> [Required work] From the line with "另一個小但令人滿意的細節是挑" through the line with "Adding extra features", repeat the entries verbatim, both end lines included, and add nothing.

:: Data for this exercise

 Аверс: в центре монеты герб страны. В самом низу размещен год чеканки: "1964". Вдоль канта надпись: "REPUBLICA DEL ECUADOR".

::::
:: Data for this exercise

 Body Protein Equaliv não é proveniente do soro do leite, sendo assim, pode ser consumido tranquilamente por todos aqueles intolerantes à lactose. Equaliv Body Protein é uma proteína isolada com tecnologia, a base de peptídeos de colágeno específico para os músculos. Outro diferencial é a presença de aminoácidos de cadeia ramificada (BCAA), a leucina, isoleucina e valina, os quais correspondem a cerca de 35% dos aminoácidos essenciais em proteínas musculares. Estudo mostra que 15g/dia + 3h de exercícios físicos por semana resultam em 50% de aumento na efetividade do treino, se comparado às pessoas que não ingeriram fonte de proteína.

::::
:: Data for this exercise

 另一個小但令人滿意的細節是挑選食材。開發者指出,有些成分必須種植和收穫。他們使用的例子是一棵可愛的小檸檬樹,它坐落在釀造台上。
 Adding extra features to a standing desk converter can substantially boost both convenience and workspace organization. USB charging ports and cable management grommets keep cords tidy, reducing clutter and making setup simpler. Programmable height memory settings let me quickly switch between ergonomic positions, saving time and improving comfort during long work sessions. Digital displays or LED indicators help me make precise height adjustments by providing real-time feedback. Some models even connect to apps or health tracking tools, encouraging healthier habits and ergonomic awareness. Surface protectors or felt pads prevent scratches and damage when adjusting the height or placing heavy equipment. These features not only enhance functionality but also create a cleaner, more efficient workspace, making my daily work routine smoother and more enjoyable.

::::

> [Worked solution]
 另一個小但令人滿意的細節是挑選食材。開發者指出,有些成分必須種植和收穫。他們使用的例子是一棵可愛的小檸檬樹,它坐落在釀造台上。
 Adding extra features to a standing desk converter can substantially boost both convenience and workspace organization. USB charging ports and cable management grommets keep cords tidy, reducing clutter and making setup simpler. Programmable height memory settings let me quickly switch between ergonomic positions, saving time and improving comfort during long work sessions. Digital displays or LED indicators help me make precise height adjustments by providing real-time feedback. Some models even connect to apps or health tracking tools, encouraging healthier habits and ergonomic awareness. Surface protectors or felt pads prevent scratches and damage when adjusting the height or placing heavy equipment. These features not only enhance functionality but also create a cleaner, more efficient workspace, making my daily work routine smoother and more enjoyable.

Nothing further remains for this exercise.